Levels of EU vs non-EU immigration has been a particular subject of interest for the UK before and after Brexit.
And note also that the UK and EU share high-quality education systems, Western Judeo-Christian culture and Western-aligned geopolitics.
Recent waves of immigration from countries in the Middle East and North Africa are importing wholly different culture, geopolitics, and crucially, we are importing from countries with measurably lower standard of literacy and numeracy.
These are objective facts, and they are not criticisms or judgements on the character of those who are migrating.
I would make exactly the same choices as our Pakistani, Somali and Eritrean friends, if I were in their position.
Half of Europe's cultural development was initiated by Muslims and the Renaissance started with Muslim scholars in Islamic Spain, which was Islamic for the lion's share of a millennium, leading to the hilarious fact that a state in the New World settled by Spanish-speaking settlers gets the "Calif" in its name from the muslim term for a leader due to it being so totally embedded in culture. But OK, yeah. Judeo-Christian.
The roots of the renaissance were established much, much earlier in Islamic Spain. It is essentially forgotten history (and largely systematically erased history, at that)
Track down a copy of Bettany Hughes’ “When The Moors Ruled In Europe”. I think it is on Youtube. It is long but exceptionally clearly presented.
Put simply, were it not for the Reconquista, what we understand as the renaissance would be very clearly perceived as Islamic in origin.
And maybe don’t trust ChatGPT to do anything but regurgitate the prevailing interpretation of history, which was, in fact, reshaped radically by Catholic propaganda.
Seems you've found a leftwing historian who chooses to endorse the violent Islamic conquest of Southern Europe, re-imagining it as a vibrant exchange of cultures, predicated on extreme timeline distortion.

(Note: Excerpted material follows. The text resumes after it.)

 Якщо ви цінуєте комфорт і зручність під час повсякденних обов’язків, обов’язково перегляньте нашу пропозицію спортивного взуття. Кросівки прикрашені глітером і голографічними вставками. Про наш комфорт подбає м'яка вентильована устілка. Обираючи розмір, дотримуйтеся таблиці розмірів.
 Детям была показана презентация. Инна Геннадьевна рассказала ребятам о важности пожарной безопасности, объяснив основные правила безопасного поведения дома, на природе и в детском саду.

The Renaissance is defined as follows:
> The Renaissance was a European cultural movement from the 14th to 17th centuries, marking a "rebirth" of classical Greek and Roman learning after the Middle Ages. It was a period of significant innovation in art, literature, science, and philosophy, with key developments like humanism. Notable figures include Leonardo da Vinci, Michelangelo, and Raphael, and the movement began in Italy before spreading across Europe.

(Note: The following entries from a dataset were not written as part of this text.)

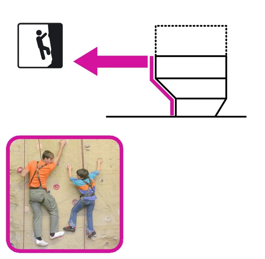 一樓的表演空間通過為觀眾增加樓梯來擴(kuò)展建筑物的布局。墻壁傾斜延伸至二樓,突出了約50平方米的舞臺(tái)地板。而傾斜墻壁的另一邊,設(shè)計(jì)師利用這個(gè)坡度增加了攀巖空間,達(dá)到了空間利用的最大效率。一層的空間可以靈活使用,可以通過關(guān)閉墻壁中朝向入口的滑動(dòng)門來關(guān)閉房間,當(dāng)關(guān)閉時(shí),舞臺(tái)地板也可用于較小的活動(dòng)。房間開放時(shí),表演空間通過開放式樓梯連接到二樓的多功能區(qū)。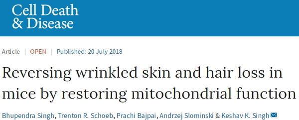 7月20日,《Cell Death & Disease》期刊发表了这一篇题为“Reversing wrinkled skin and hair loss in mice by restoring mitochondrial function”的文章。由阿拉巴马大学伯明翰分校(UAB)医学院的遗传学教授Keshav Singh带领的团队发现,引发这一奇妙“现象”的突变发生在核基因中,关联着线粒体功能。
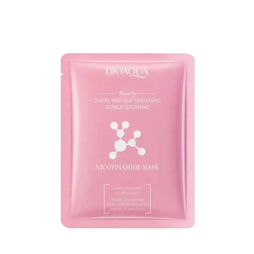 Somos LUNERA STORE BOGOTA una tienda donde encontrarás diversos productos para el cuidado diario de tu piel, maquillaje, así como accesorios para el cabello y complementos para tus rutinas de skin care. Envíos 100% seguros a nivel nacional. SI COMPRAS DIRECTAMENTE CON NOSOTROS, ¡LOS PRODUCTOS TE QUEDAN A PRECIOS MUCHOS MÁS BAJOS! Búscanos LUNERASTORECOM 1 Velo Facial Niacinamida Bioaqua. Contenido 30g. Beneficios: Es el tratamiento facial perfecto para pieles con tendencia acneica o con imperfecciones. Su fórmula enriquecida con niacinamida ayuda a reducir la apariencia de granos y marcas, mientras controla el exceso de grasa y minimiza la apariencia de los poros. Contiene niacinamida que aclara, blanquea y elimina manchas, acelera el metabolismo de la piel, promueve el desprendimiento de melanina, para que la piel recupere un estado saludable y juvenil de tersura y translucidez y firmeza. Ingredientes: agua, glicerina, pr trietanolamina, diazolidinilo, hidroxiacetofenona, metilparabeno disódico, celulosa, alantoína, aceite de ricino hidrogenado, hialuronato de sodio, yodopropinil butilcarbamato, fragancia, peg-10, polisorbato 60, fosfato disódico, fosfato de sodio, niacinamida, lisato de fermento de bifida Importante: Antes de usar, se recomienda probarlo en la piel, detrás de la oreja, si no se siente bien, deje de usarlo; 2. No apto para niños menores de tres años: 3. Manténgalo en un lugar fresco, evite las altas temperaturas y la luz solar directa; 4. Manténgalo fuera del alcance de los niños. Modo de uso: -Lávate muy bien el rostro. -Abre la mascarilla y cubra todo el rostro en forma de mascarilla. -Deja actuar unos 15 minutos. -Retira la mascarilla, masajea suavemente. NO SE RECOMIENDA REUTILIZAR EL VELO FACIAL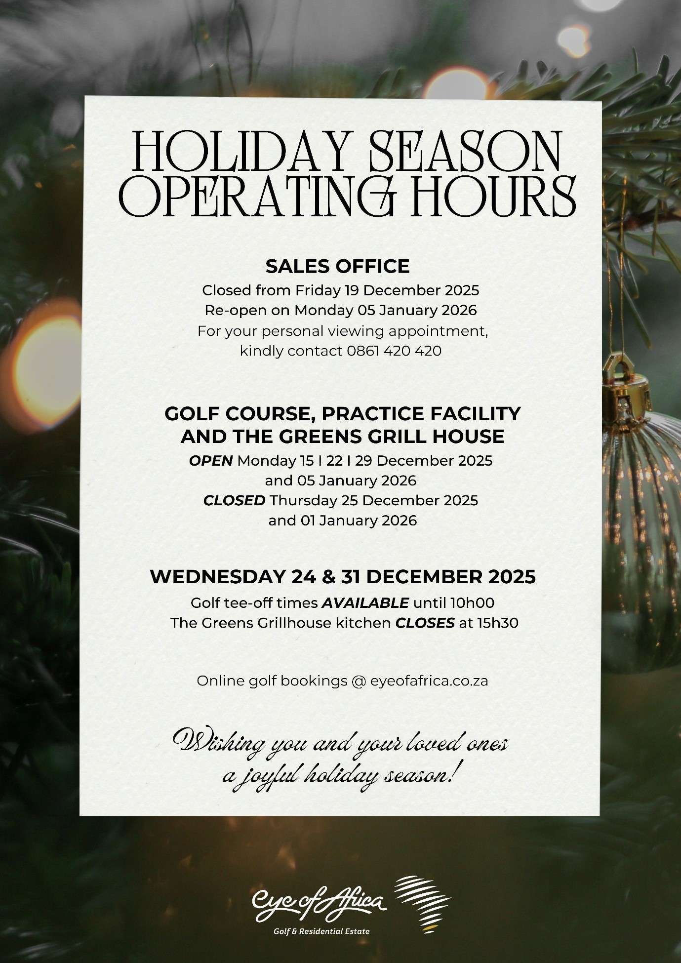 Find out about the upcoming events and news at Eye of Africa Golf Estate.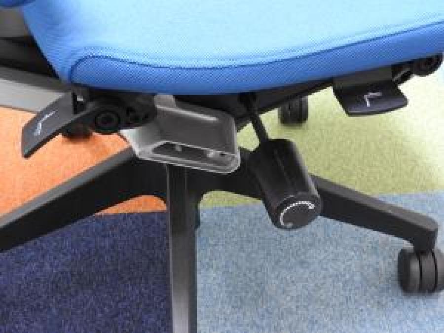 - ロッキングの後傾角度の範囲を、初期固定/10°/20°の3段階に調節可能。 簡単なレバー操作で、仕事の内容に合わせ手軽に調節できます。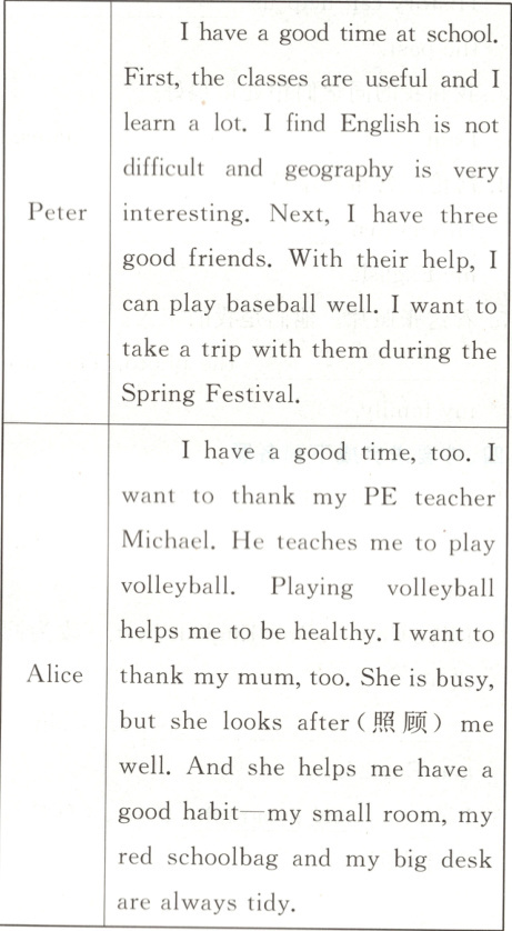 B. Peter and Alice have fun at school.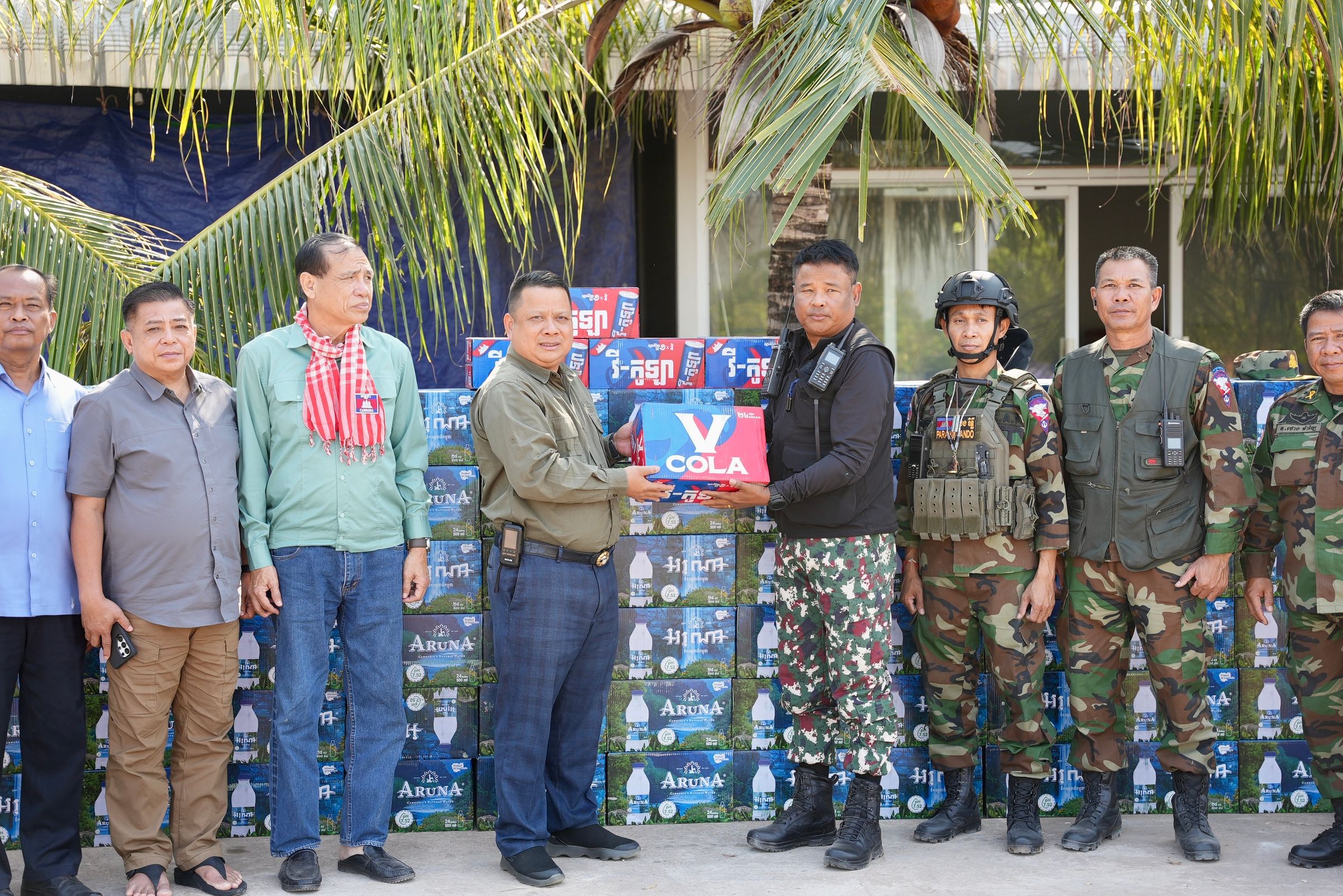 សៀមរាប ៖ នៅព្រឹកថ្ងៃសៅរ៍ ទី២១ ខែកុម្ភៈ ឆ្នាំ២០២៦ លោកឧត្តមសេនីយ៍ទោ ហួត សុធី ស្នងការ នៃស្នងការដ្ឋាននគរបាលខេត្តសៀមរាប បានអញ្ជើញដឹកនាំសហការី នាំយកនូវគ្រឿងឧបភោគ បរិភោគ និងសម្ភារៈប្រើប្រាស់មួយចំនួនរួមមាន អង្ករ ៥០ការុង ទឹកបរិសុទ្ធចំនួន ៣០០កេស ភេសជ្ជៈ ០៥កេស ធុងទឹកចំនួន១០ ចំណុះ ២០០០លីត្រ ដុំសម្រាប់ប្រើប្រាស់អ៊ីនធឺណិតចំនួន០១ និងវិទ្យុទាក់ទងចំនួន០១ ប្រគល់ជូនដល់កងទ័ពជួរមុខទិសប្រាសាទព្រះវិហារ ដែល ជា អំណោយដ៏ថ្លៃថ្លារបស់ ឯកឧត្ដម ឧត្ដមសេនីយ៍ ឯក ឌី វិជ្ជា អគ្គស្នងការរងនគរបាលជាតិ និង លោកជំទាវ ហ៊ុន ម៉ាណា ៕

Islam did not even exist in the time of the Classical Greek and Roman periods.
Neither Leonardo da Vinci, Michelangelo, and Raphael ever met Muslims directly, travelled to the Islamic world, or interacted with Islamic institutions.
Hard disagree on this. Immigration was the only realistic option to shield against demographic collapse and stabilize unskilled labor supply for decades, and it is no suprise that politicians took it.

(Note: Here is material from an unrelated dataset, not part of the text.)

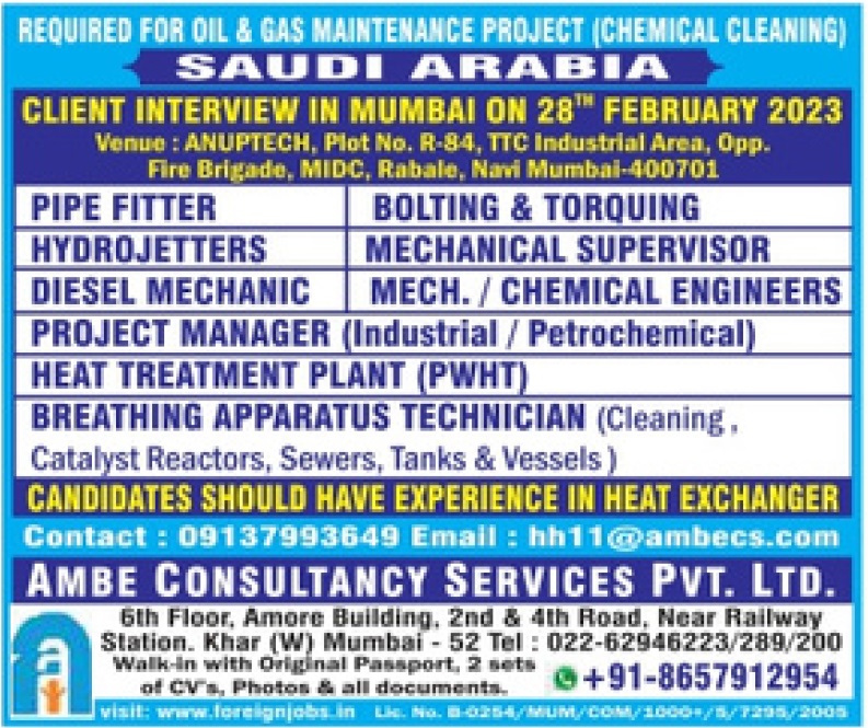 Oil & Gas Maintenance Project - Hiring for Saudi Arabia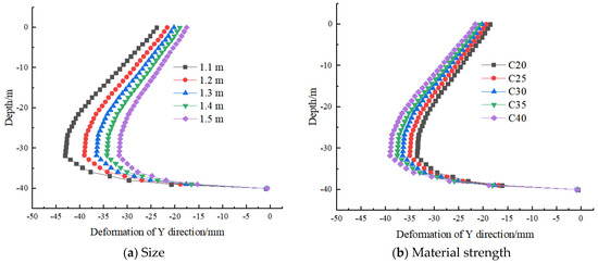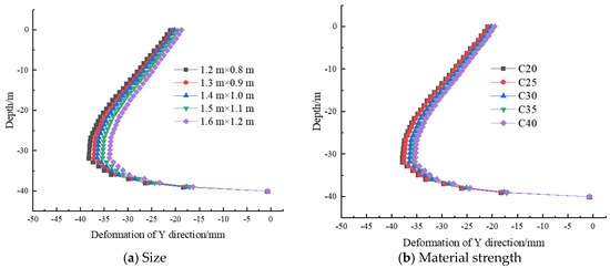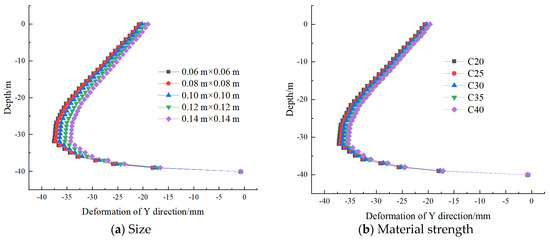 - The size and material strength of the waist beam and crown beam have negligible influence on the horizontal deformation of the pile. However, increasing the size and material strength of the pile significantly enhances the overall stiffness of the retaining structure, thereby reducing the horizontal deformation of the pile. Therefore, improving the size and material strength of the pile is crucial in minimizing the deformation of the retaining structure.

I honestly think that if politicians had blocked this (reform style) in 2000, the resulting economic slowdown and increasing cost for labor intensive products would've seen them voted out in short order.
I do agree that negative consequences of the approach were played down/underestimated/neglected, but painting it as pure uncaring negative is just disingenuous.
"stabilising unskilled labour" in this context means dumping the salaries of the natives, making it so unskilled sectors no longer provide a living wage.
Sure, but local supply of labor was looking even worse than now back then, and cost of labor intensive stuff like daycare, nursing homes/residential care have gone through the roof, still.
Just look at how Brexit alone affected lorry driver wages; if you cut immigration 25 years ago, you'd have seen the same effect across multiple sectors magnifying each other (because labor supply is simply insufficient), and there is a lot of people that would have suffered from higher costs in all those sectors without getting any compensation.
As a "sanity check" for this: If the UK economy did not "need" immigrant labor, you would expect significant unemployment and very high difficulty in finding unskilled labor jobs. Neither is the case.
I'm not sure how you can have already forgotten the fact that we have to upload or face or ID to access websites.